La culture du viol véhicule des mythes sur le viol tendant à réhabiliter les agresseurs et blâmer les victimes. Les mythes sur le viol peuvent être regroupés en trois catégories : la négation ou minimisation du viol, la négation du non-consentement de la victime, ou le blâme de celle-ci.


Lumières vives, musique forte, danses excessives, pas de soucis, pas de devoirs, pas de peur. Ne penser à rien et pourtant vivre tout de manière doublement intense. Pourquoi buvons-nous de l’alcool ? Nous voulons fêter à outrance, prendre du plaisir, apprendre à connaître les autres d’une manière nouvelle et nous sentir libre.
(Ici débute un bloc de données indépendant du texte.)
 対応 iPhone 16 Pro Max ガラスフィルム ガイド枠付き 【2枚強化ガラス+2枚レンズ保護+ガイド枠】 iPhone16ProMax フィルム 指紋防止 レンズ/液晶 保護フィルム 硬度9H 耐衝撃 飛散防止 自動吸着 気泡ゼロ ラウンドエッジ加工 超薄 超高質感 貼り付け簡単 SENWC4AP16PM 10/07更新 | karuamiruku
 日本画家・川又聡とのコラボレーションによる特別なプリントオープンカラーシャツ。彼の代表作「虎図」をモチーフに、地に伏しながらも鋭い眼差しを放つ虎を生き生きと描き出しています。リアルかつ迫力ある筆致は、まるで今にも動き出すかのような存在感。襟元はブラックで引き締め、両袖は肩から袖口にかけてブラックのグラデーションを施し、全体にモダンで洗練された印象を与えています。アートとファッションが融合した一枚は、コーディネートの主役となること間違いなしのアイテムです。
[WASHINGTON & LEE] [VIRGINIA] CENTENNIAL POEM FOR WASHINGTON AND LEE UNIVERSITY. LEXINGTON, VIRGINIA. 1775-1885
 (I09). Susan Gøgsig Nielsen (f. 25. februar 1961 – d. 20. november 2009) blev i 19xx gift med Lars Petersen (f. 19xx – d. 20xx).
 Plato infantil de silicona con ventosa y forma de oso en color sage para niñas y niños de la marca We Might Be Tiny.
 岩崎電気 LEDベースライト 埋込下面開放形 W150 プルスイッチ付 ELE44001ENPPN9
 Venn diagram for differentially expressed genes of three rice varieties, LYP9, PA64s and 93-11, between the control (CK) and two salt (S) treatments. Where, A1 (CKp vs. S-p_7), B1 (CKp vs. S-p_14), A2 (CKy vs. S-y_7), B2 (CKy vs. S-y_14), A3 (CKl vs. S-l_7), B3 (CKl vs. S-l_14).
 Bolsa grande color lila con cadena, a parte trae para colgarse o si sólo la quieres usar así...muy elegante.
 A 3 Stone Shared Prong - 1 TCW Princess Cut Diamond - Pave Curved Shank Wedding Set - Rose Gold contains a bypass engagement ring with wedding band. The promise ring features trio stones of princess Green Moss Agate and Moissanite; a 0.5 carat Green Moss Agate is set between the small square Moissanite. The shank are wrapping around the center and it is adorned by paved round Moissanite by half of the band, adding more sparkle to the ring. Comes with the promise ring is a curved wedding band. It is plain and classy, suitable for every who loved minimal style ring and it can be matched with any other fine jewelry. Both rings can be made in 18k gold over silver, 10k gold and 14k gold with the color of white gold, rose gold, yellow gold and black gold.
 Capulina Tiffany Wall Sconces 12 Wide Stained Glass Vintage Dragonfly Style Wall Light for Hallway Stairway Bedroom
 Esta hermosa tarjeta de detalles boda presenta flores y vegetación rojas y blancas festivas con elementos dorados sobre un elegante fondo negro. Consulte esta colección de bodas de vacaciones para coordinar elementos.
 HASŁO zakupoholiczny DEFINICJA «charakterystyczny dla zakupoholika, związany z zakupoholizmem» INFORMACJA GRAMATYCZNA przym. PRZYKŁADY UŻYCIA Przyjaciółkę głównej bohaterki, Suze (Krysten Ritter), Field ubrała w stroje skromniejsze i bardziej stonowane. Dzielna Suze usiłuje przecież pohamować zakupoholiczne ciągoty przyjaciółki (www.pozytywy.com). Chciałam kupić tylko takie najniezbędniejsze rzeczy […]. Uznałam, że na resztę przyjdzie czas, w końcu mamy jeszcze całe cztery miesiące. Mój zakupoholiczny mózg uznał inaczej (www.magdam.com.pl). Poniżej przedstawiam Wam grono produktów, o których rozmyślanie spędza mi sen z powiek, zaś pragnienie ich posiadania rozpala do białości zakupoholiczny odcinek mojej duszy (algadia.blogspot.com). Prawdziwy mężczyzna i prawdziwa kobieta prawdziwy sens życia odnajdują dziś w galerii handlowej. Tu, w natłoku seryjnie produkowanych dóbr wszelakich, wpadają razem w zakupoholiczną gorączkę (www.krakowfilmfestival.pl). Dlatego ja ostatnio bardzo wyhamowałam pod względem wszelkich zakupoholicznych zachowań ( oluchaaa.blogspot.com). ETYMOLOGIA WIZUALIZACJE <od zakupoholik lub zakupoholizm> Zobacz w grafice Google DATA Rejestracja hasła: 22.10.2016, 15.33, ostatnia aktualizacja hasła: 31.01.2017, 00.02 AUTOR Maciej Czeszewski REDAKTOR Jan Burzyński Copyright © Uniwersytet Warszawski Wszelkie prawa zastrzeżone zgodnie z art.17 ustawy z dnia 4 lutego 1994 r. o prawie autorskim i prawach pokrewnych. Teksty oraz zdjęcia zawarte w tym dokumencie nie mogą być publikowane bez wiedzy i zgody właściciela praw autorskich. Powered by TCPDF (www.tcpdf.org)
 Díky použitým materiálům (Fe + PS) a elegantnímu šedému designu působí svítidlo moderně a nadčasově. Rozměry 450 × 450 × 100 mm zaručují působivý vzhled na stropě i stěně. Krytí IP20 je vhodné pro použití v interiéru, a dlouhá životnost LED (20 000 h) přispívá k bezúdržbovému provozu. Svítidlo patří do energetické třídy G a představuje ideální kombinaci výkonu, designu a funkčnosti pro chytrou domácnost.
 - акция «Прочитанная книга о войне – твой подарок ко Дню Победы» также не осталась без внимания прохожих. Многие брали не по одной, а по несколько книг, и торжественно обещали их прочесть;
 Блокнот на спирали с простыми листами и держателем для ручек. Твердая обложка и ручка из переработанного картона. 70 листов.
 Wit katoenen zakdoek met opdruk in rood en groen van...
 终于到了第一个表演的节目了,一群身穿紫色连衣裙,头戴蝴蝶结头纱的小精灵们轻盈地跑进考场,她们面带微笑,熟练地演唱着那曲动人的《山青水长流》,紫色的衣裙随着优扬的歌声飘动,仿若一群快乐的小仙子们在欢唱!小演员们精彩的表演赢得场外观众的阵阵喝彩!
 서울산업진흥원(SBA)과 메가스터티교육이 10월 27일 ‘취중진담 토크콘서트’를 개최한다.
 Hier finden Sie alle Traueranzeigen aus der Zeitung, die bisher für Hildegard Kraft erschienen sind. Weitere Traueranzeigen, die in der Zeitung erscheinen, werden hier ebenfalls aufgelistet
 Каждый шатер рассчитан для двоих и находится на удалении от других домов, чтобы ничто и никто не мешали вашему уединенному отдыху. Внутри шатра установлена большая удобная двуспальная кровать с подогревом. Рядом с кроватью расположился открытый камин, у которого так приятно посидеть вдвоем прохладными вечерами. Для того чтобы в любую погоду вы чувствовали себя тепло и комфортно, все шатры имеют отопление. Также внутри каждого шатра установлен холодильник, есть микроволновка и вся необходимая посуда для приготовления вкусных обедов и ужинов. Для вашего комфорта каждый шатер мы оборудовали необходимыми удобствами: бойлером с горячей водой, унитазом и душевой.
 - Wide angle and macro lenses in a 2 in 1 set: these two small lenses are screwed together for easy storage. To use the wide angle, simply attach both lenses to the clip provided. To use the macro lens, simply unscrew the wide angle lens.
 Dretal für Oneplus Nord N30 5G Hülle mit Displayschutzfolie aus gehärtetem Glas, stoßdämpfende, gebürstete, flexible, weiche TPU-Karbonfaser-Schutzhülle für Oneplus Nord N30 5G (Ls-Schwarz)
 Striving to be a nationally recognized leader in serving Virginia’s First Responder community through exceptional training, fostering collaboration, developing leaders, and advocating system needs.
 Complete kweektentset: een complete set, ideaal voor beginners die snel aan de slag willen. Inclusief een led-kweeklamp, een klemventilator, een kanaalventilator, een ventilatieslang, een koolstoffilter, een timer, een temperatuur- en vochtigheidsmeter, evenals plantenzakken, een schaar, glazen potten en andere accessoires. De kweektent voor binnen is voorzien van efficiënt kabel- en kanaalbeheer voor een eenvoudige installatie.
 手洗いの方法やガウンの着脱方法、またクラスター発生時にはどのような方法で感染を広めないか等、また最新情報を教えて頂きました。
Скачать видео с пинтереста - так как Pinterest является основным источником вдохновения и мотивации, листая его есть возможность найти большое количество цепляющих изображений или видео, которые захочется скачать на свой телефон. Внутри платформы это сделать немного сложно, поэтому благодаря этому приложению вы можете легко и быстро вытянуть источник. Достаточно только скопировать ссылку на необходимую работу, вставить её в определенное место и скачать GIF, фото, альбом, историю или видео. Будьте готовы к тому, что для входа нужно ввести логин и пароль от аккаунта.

Nous voulons transformer la nuit en jour. Nous devenons proches de gens dont nous ne connaissons pas même le nom. Par la suite, nous ne pouvons-nous souvenir de rien et seul le mal de tête nous rappelle que la soirée a dû être bonne. Pas de limites, pas de retenue, tout disparaît, les conséquences nous paraissent lointaines et nous sont complètement égales. On regarde les gens autour de nous, on voit peut-être une personne attractive et c’est alors la seule chose qui compte. Ça c’est le côté désagréable de la fête – pour moi tout du moins : être attouchée, harcelée, importunée et ne presque pas avoir les moyens d’éviter ce genre de situation. J’essaie alors de m’en aller, de me détourner, fuir pour ne pas être obligée d’entrer en confrontation, d’affronter une situation que je n’ai pas choisi de vivre. « Oui mais il est bourré » est probablement la plus simple des excuses. Oui il est bourré et à cause de cela il n’a plus de retenue, ne remarque pas le refus, ou le remarque mais l’ignore.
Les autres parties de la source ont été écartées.